Al Marder of New Haven Connecticut has been a community activist, advocating for justice, equality, and world peace for six decades.  At age 93, he’s still active.  He’s president of the Amistad Committee, Chairman of the Connecticut Freedom Trail, and President of the Peace Council.  He’s a World War II veteran and a graduate of the University of Connecticut.  Al Marder is also the last survivor of a group of Connecticut Communist Party leaders prosecuted in New Haven in 1954. He spoke with WSHU's Tom Kuser about his life and work.  

INTERVIEW EXCERPTS:

62 years ago, the FBI showed up at your home in New Haven.  At this time, Wisconsin Senator Joe McCarthy was heading up the US Senate Permanent Committee on Investigations, and he was attempting to investigate the army for Communist infiltration.  And this concept of the “Red Scare” took root all over the country.  Why did the FBI come looking for you?

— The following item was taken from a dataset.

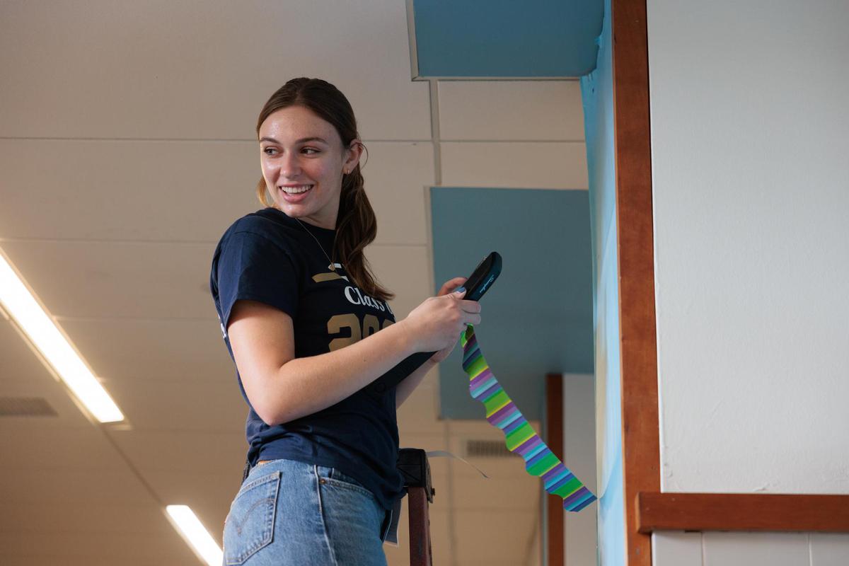 Quinn Dolan, a first-year student studying environmental science, was one of the volunteers helping prepare a classroom for the new school year. She wiped down toys, cleaned the cubbies and wrote name tags for the new children who would be using the classroom.

It was part of the roundup of Communists nationally. It so happens that the national leadership of the Communist party were arrested earlier and imprisoned and then they proceeded statewide to round up leaders of the Communist Party?

And on what grounds were they arresting you?

(MARDER) They were arresting all Communists under the Smith Act.  

(KUSER) And this was a federal law.

(MARDER) Yes, this was a federal which talked about the conspiracy, notice conspiracy, to overthrow the U.S. government.  Not the act.  That, of course, was declared unconstitutional later but that was the grounds that they arrested us.

 

Were you surprised?

That’s a good question.  The truth of the matter is, my study of history influenced me, so I was not surprised.

What drew you Communism in the first place?

I was a student in high school in New Haven, James Hillhouse High School.  It was the Depression.  And I observed the Sheriff evicting families for non payment of rent. And I also saw a group take the furniture and put it back in.   And I asked, “Who are they?” they said, “Well they’re the Communists.”   So I became more and more interested and what was driving these people to violate the so called law.  You don’t pay your rent, you’re evicted.  And that was the period where unions were organizing.  So I volunteered to distribute flyers into shops in Bridgeport, in New Haven, wherever they needed. I would wake up very early in the morning.  They would tap on my window.  My father had a car and I knew where he kept the key. I would dress, sneak out. We’d push the car down Davenport Avenue, so my father wouldn’t wake up and hear the motor.  We went to the shops, distributed the flyers, came back, went back into bed, dressed and my mother would wake me up for school.  So very early on I was moved in this struggle for workers and for the poor.  

 

How do you think Communism is viewed today in the U.S.?

Well the McCarthy period and the arrests did great damage to that movement.  I find it extremely interesting that you have a candidate for president who calls himself a Democratic Socialist and I’m sure this is the first time in 70 years that anyone has heard the world Socialist. The McCarthy era did horrible damage.  Just remember, people were arrested, careers were destroyed, the Hollywood 10, the Rosenbergs, the whole atmosphere, people frightened to even have books in their homes. People who would walk across the street for fear of saying hello to me. That atmosphere in the American scene was a tragedy and the American people don’t know that. What happens when the state uses all its power to end discussion, debate and ideas. People are hurting in my country and they don’t have answers.  And so the dangers of a neo-fascist and these others that are with him are creating a further crisis in our country changing the atmosphere making it difficult to talk about what’s bothering us.